June 20: After Jetlite (previously known as Air Sahara) officials refused to take on board 34-year-old wheelchair-borne Rajiv Rajan without an escort on Monday, the debate on the need to sensitize private airlines to the rights of the disabled has triggered nationwide.
The passenger, 34-year-old Rajiv Rajan, working with an NGO called Vidyasagar, was due to fly to New Delhi on Monday morning to attend a meeting of the National Trust, a body under the ministry of social justice and empowerment, that works for disabled persons. The directorate-general of civil aviation (DGCA), the regulator in the civil aviation sector, has sought an explanation from the airline Jetlite (known till now as Air Sahara) for its refusal to board Rajiv Rajan.
"Cerebral palsy is a condition and not an illness. Those affected by cerebral palsy do not have control over their muscles. It does not mean that these persons are unwell and unfit to travel by air," said Abidi, Disabled Rights Group convenor. "Air Sahara has treated Rajan shabbily and should immediately apologise to him, besides giving him compensation," he added.
About 100 physically challenged persons today formed a human chain in front of the domestic airport in Chennai in protest of refusal by a private airline's to allow a cerebral palsy victim to board the aircraft without an escort. They were holding placards, most of them in wheelchairs, held a peaceful protest by forming the human chain for nearly 90 minutes.
They demanded equal rights and urged the government to put an end to discrimination against the disabled.
"We've been facing discrimination from various airlines and Monday's incident was the height of it. It not only violated human rights, but also the International Civil Aviation rules," said Smitha, Assistant Coordinator - Vidyasagar, an NGO which organised the agitation.
"We want to make this issue a national movement against discrimination on the grounds of disability and are also planning to file a Public Interest Litigation against the Civil Aviation Ministry," she added.
However Jetlite in its defence came up with a different story, stated as “His (Mr. Rajan’s) driver requested for a wheelchair and left him without advising any details to the staff on duty. The duty officer attending to him (Mr. Rajan), on seeing his condition in the wheelchair, enquired whether he had any attendant with him or was in possession of a fitness certificate which was required for his travel. On the inability of Rajan to explain the situation to the duty officer, he was advised that he was not in a fit condition to travel on the flight. Unfortunately, Rajan seemed upset and started rolling on the floor and was unable to give any additional information,"

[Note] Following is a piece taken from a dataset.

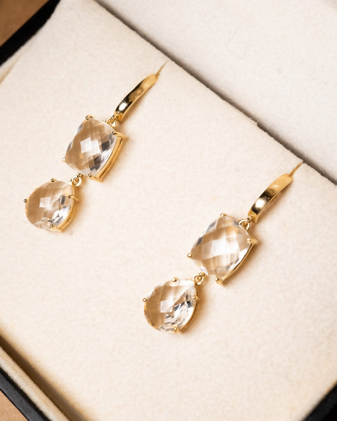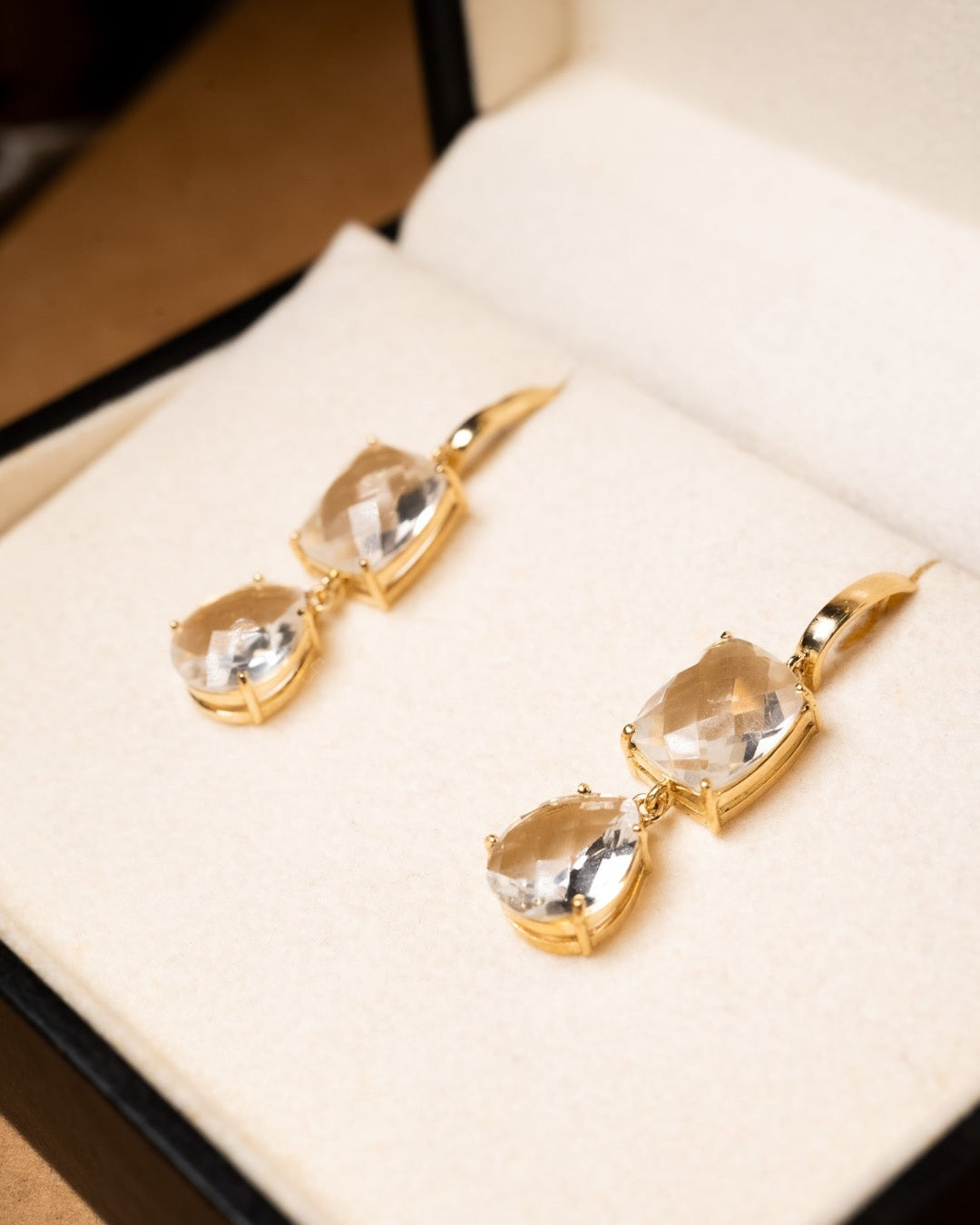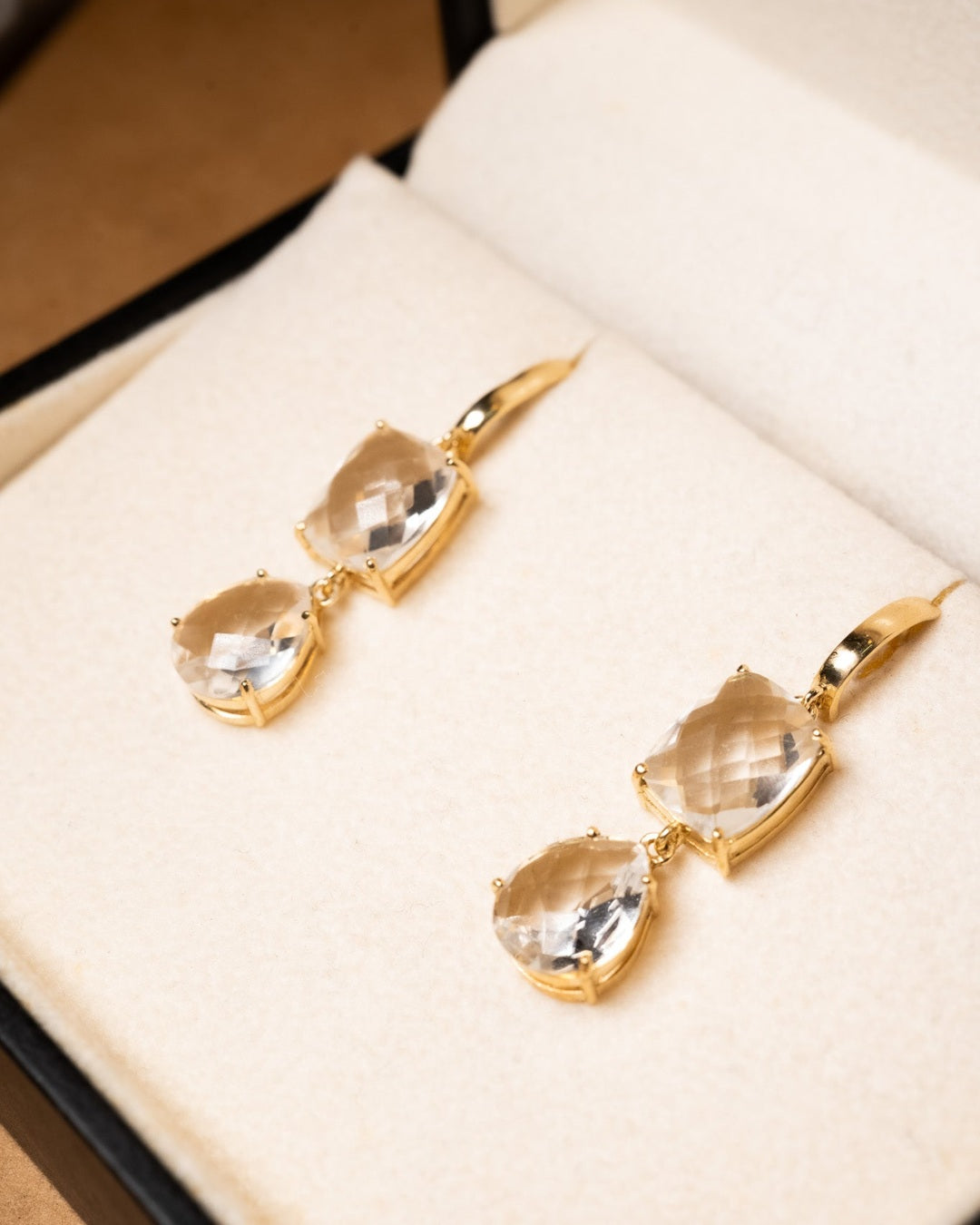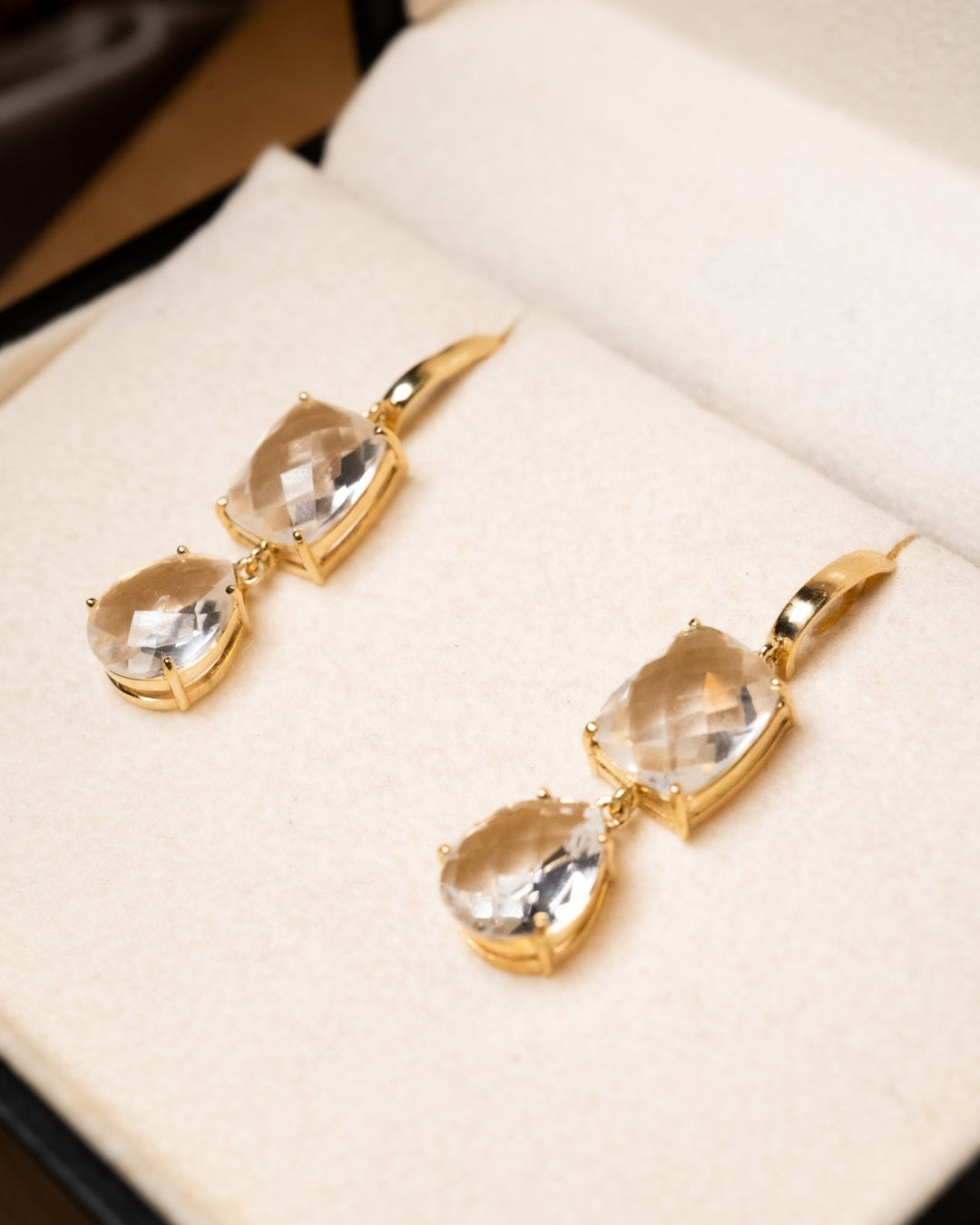 Brincos Vivara coleção Chagall de ouro amarelo com quartzos transparentes. Medem 3.6cm x 0.9cm e pesam 5.2g.

According to Jetlite it had been guided by the medical manual of the International Air Travel Association (IATA) in refusing Rajan’s entry. "Air travel for passengers who need care is guided by Section 6 of the IATA Medical Manual, which requires medical clearance if the passenger is (either) incapable of caring for himself or requires special assistance, has a medical condition that may be adversely affected by the flight environment, (or) is considered to be a potential hazard to the safety of the flight, including the possibility of diversion of the flight or an unscheduled landing," Jetlite stated.
Head of the National Trust, Poonam Natarajan, said that the trust would definitely take up the matter with the social justice ministry. Rajiv Rajan was travelling to New Delhi to attend a subcommittee meeting of the National Trust to decide on the issue of imparting training to persons with disabilities.